As illustrated in FIG. 1, the information processing device 10 according to the present embodiment may include an operation unit 110, a metadata input unit 120, an entire melody feature extraction unit 130, a sound information series generation unit 140, a lyrics generation unit 150, a user interface control unit 160, a display unit 170, and a storage unit 180.


(Operation Unit 110)

The operation unit 110 according to the present embodiment receives an operation by a user. For this purpose, the operation unit 110 according to the present embodiment includes a keyboard, a mouse, and the like.


(Metadata Input Unit 120)

The metadata input unit 120 according to the present embodiment inputs the input information received by the operation unit 110 and various types of information stored in the storage unit 180 to the lyrics generation unit 150 as metadata.


A specific example of the metadata according to the present embodiment will be described later.


(Entire Melody Feature Extraction unit 130)


The entire melody feature extraction unit 130 according to the present embodiment extracts features (latent expressions) of the entire music with a melody as an input.


The latent expression extracted by the entire melody feature extraction unit 130 is input to the lyrics generation unit 150. As a result, the lyrics generation unit 150 can generate the lyrics with high accuracy in consideration of the tune.


(Sound Information Series Generation Unit 140)

The sound information series generation unit 140 according to the present embodiment generates a sound information series harmonized with an input melody by using the learned model.

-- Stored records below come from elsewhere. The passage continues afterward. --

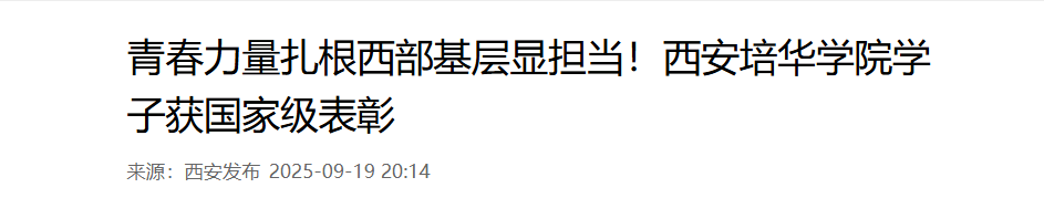 没有惊天动地的壮举,却有润物无声的坚守。这5名培华学子的故事,是无数西部计划志愿者的缩影——他们带着专业所长,怀揣热忱之心,在基层岗位上发光发热,用脚步丈量责任,用时间书写担当。“到西部去,到基层去”于他们而言,不是一句口号,而是一场跨越山海的青春远征,一次扎根大地、向阳生长的生命实践。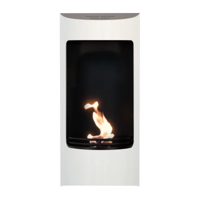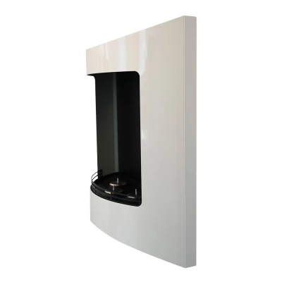 Den veggmonterte biopeisen er laget av pulverlakkert stÄl og rustfritt stÄl. Peisen er imidlertid kun egnet for innendÞrs bruk.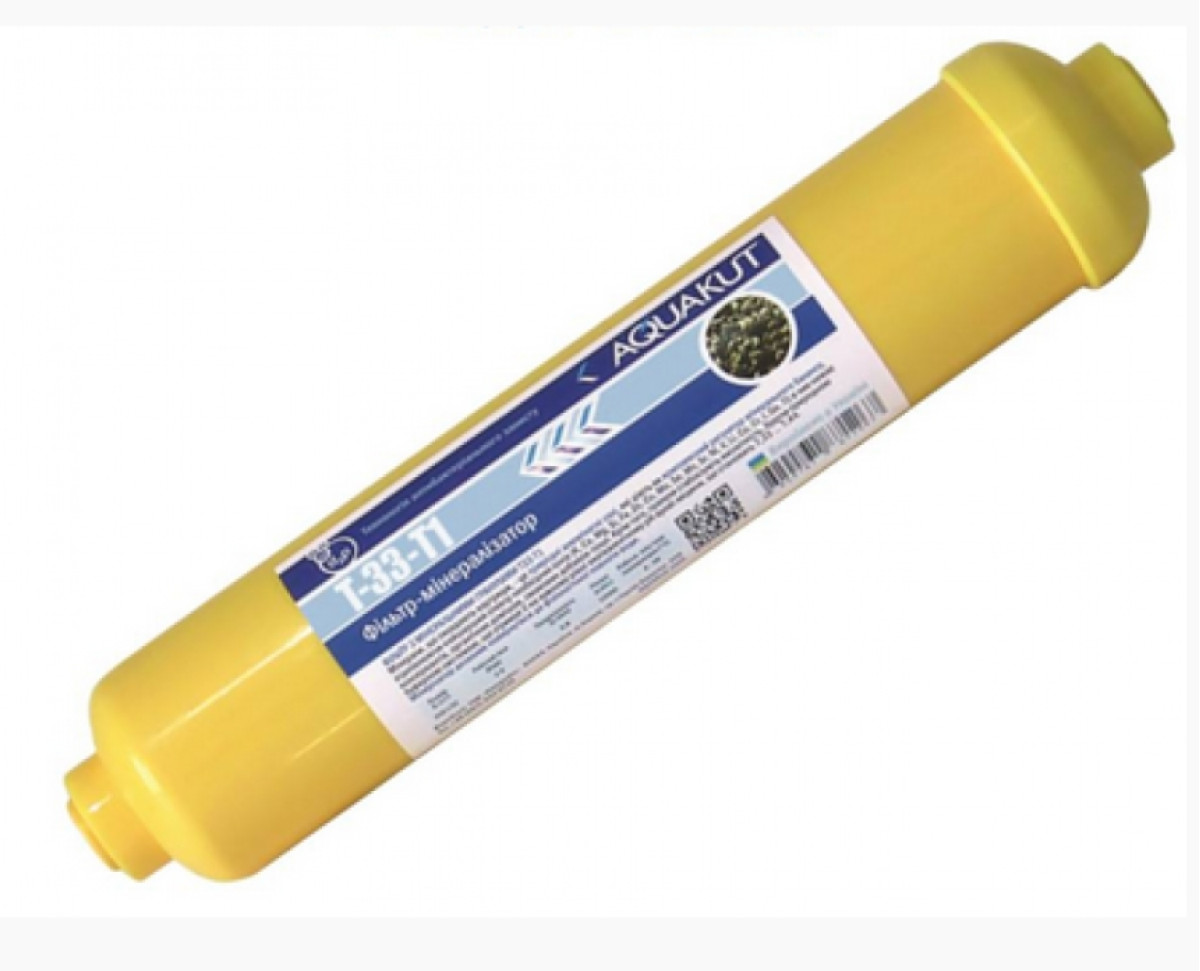 Фильтр T-33-T1 — это линейный картридж-минерализатор для систем обратного осмоса. Содержит природные минеральные гранулы. Обогащает очищенную воду минералами, восстанавливая ее pH. Имеет стандартное резьбовое соединение.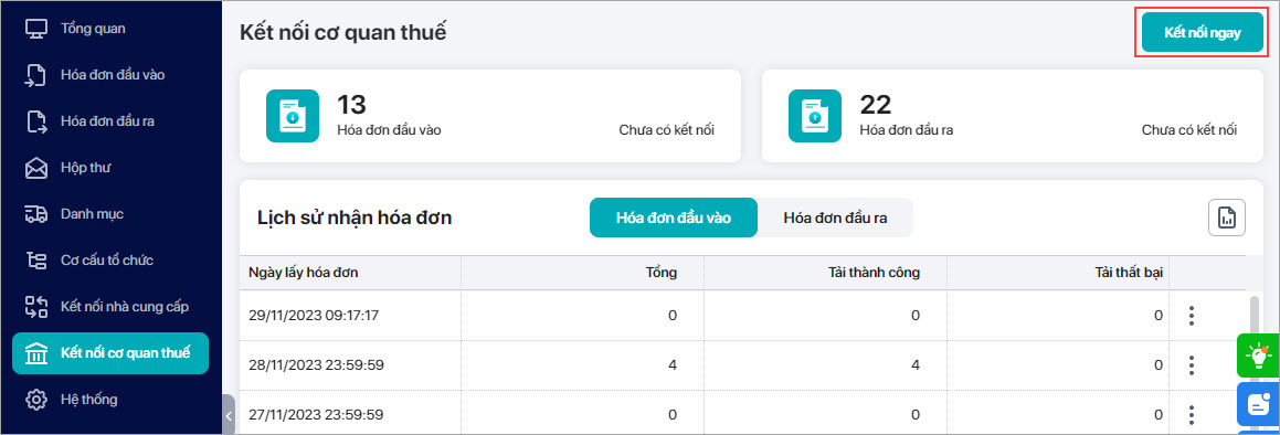 Bước 2: Vào mục Kết nối cơ quan thuế, nhấn Kết nối ngay.

The function of the sound information series generation unit 140 according to the present embodiment is realized by various processors. The function of the sound information series generation unit 140 according to the present embodiment will be separately described in detail.


(Lyrics Generation Unit 150)

The lyrics generation unit 150 according to the present embodiment generates lyrics harmonized with an input melody on the basis of the melody and the sound information series by using the learned model.


The function of the lyrics generation unit 150 according to the present embodiment is realized by various processors. The function of the lyrics generation unit 150 according to the present embodiment will be separately described in detail.


(User Interface Control Unit 160)

The user interface control unit 160 according to the present embodiment receives designation of a melody by the user, and controls the user interface that presents the lyrics generated by the lyrics generation unit 150.


The functions of the user interface control unit 160 according to the present embodiment are implemented by various processors. An example of the user interface according to the present embodiment will be separately described.


(Display Unit 170)

The display unit 170 according to the present embodiment displays various types of information under the control of the user interface control unit 160. For this purpose, the display unit 170 according to the present embodiment includes a display.


(Storage Unit 180)

The storage unit 180 according to the present embodiment stores information and the like used by each component included in the information processing device 10.


Examples of the information stored in the storage unit 180 according to the present embodiment include metadata, melodies (music), a sound information series, and lyrics generated by the lyrics generation unit 150.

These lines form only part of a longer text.